We are grateful to the three referees for their careful reading of the manuscript and helpful comments. All three referees note the significant progress made in our work in calculating (dynamical) correlation functions of semi-local operators at finite temperature and after quantum quenches and recommend publication.

In the following we respond to the various points raised.

---Reply to the second referee---

We thank the referee for their report and constructive comments. The referee's main concern is that the presentation of our manuscript is rather technical. On the other hand, as they go on to point out, given the nature of the subject matter this is difficult to avoid. In light of the referee's comments we have made additional efforts to improve the readability of our manuscript. In particular we have added a summary of our main results at the end of the introduction, which hopefully will make it easier for readers to navigate their way through the technical parts that follow. We have also improved the text in the Appendix.

---Reply to the third referee---

We thank the referee for their report and constructive comments. The referee did not request specific changes, but raised several questions to which we now reply in turn.

-The referee notes that ''Interestingly but unfortunately, the formalism does not seem to be extendable for calculating local operators even for integrable cases in the presence of interactions.'' and considers this a weakness of our work. Here we beg to differ: this is not a weakness, but a simply consequence of fundamental differences in the properties of Lehmann representations of local and semi-local operators. Which states dominate the spectral sums of response functions is ultimately a physical property, and these are simply different between local and semi-local operators. As is already mentioned in our manuscript, local operators will be the subject of a separate publication.

-The referee expresses ''a small confusion regarding the interpretations of the finite-T result.'' We discuss two completely separate physical problems: (i) Finite-temperature dynamical (time-dependent) spin-spin correlation functions and (ii) Time evolution of the order parameter after a quantum quench of the transverse field (from $h_0$ to $h$), where the initial state is taken to be the ground state at field $h_0$. These two unrelated problems can both be formulated in terms of spectral representations, and the calculations required to extract the dynamics turn out to be technically similar. The spectral representation in the quench case, and the resulting averaging in the steady state are based on the quench-action approach co-developed by one of us. There is no problem with applying it to problems where the initial density matrix is thermal, but we do not do this here.

• The referee wonders if the formalism can be extended to calculate (in a perturbative sense) semi-local operators for non-integrable interacting systems. We agree that this is an interesting question that should be addressed in future work. The current state of the art is the methodology developed in our manuscript, and in our view the most immediate application/generalization is to interacting integrable theories such as the Lieb-Liniger model.

---Reply to the fourth referee---

We thank the referee for their report, pointing out a number of typos, and constructive comments. We have corrected the typos mentioned by the referee (as well as some others).
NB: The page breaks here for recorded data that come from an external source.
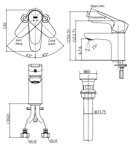 - Áp lực nước : 0.05 MPa ~ 0.75 MPa
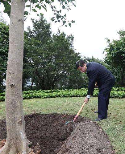 8年前種下的那棵高山榕已是亭亭如蓋、枝繁葉茂,展現(xiàn)出蓬勃的生命活力??倳涀叩綐湎拢钣懈锌卣f:“8年了,彈指一揮間啊。選的這個(gè)地方很好,樹冠能展開,樹長得也快。”
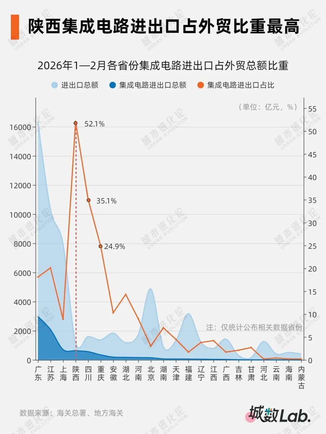 今年一季度,我国外贸市场热度攀升。全国外贸货物进出口总额达11.84万亿元,进口与出口均实现两位数增长。受全球AI算力需求爆发的推动,集成电路作为我国最大外贸单品,出口金额同比大增77.5%。在此背景下,西安、重庆、合肥等半导体产业集中的城市强势崛起,悄然改变着全国外贸城市的实力格局。据海关总署数据,今年一季度西安、福州、重庆、唐山、合肥的外贸进出口增速分别为74.2%、35.6%、34.3%、33.8%、33.7%,在全国处于领先位置。其中,不临海、不沿边的西安表现尤为突出,外贸规模达1819.22亿元,接连超过郑州、南京、大连、烟台、佛山五个城市,成为外贸领域的“最大黑马”。西安究竟凭借什么实现这一突破?
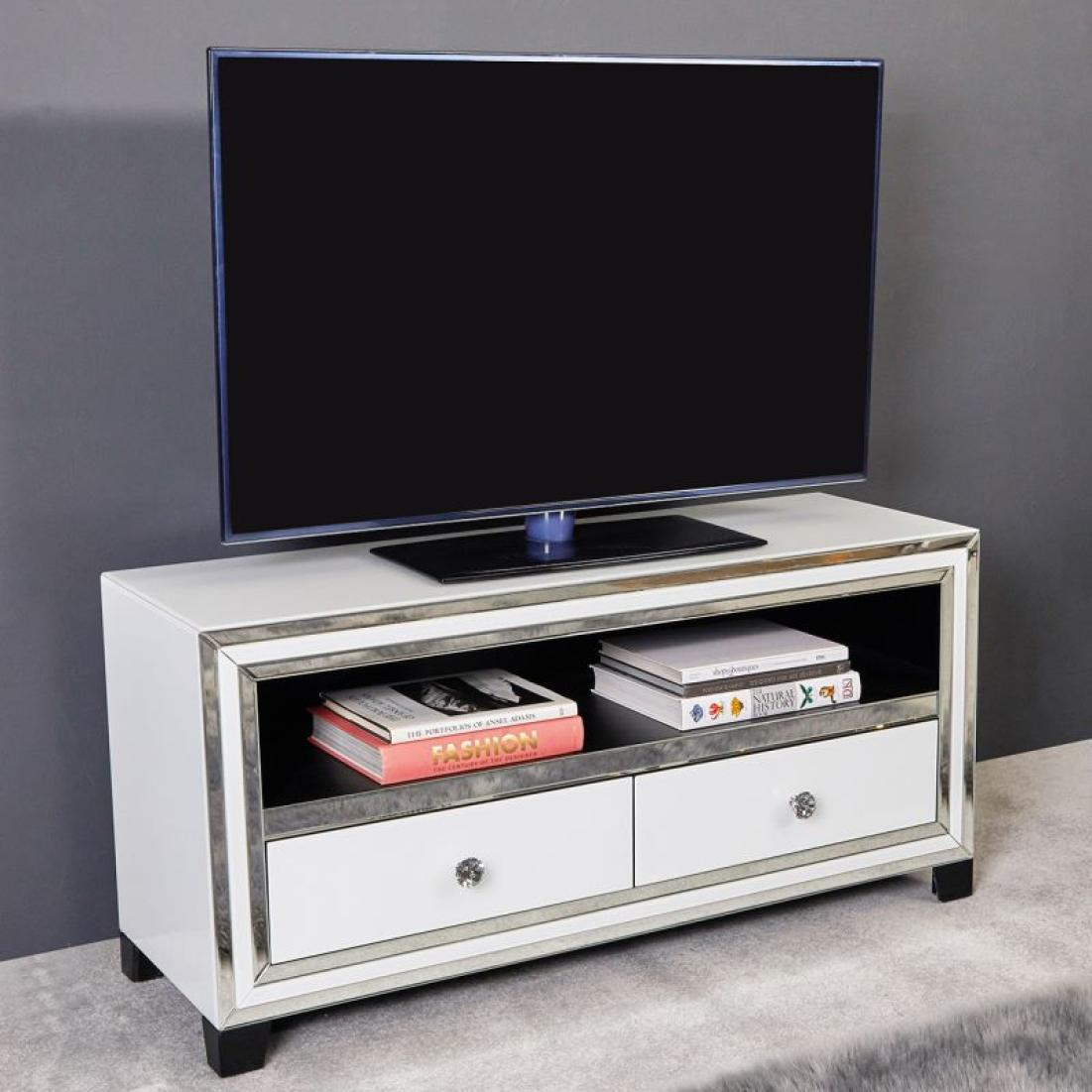The White Manhattan Mirror 2 Drawer TV Entertainment Unit is an excellent TV Entertainment Unit. This beautiful unit is made of wood is durable and stylish. It has plenty of space for your TV equipment books and more. There are two drawers with crystal handles making it easy to keep everything organized. The clear mirror beveled edge gives your room a stylish touch and the white color and black support feet give it a neat and tidy look.

We have followed the referee's suggestion and added an extended outline of the paper and summary of our key results at the end of the introduction. We hope this will help in making our work more accessible.

The referee comments that ''The description is so technical that it is difficult for non-experts on this subject to read.'' We are well aware of this issue. However, as the content of our paper is inherently technical we are afraid there is a limit to how accessible we can make our work to a wider audience.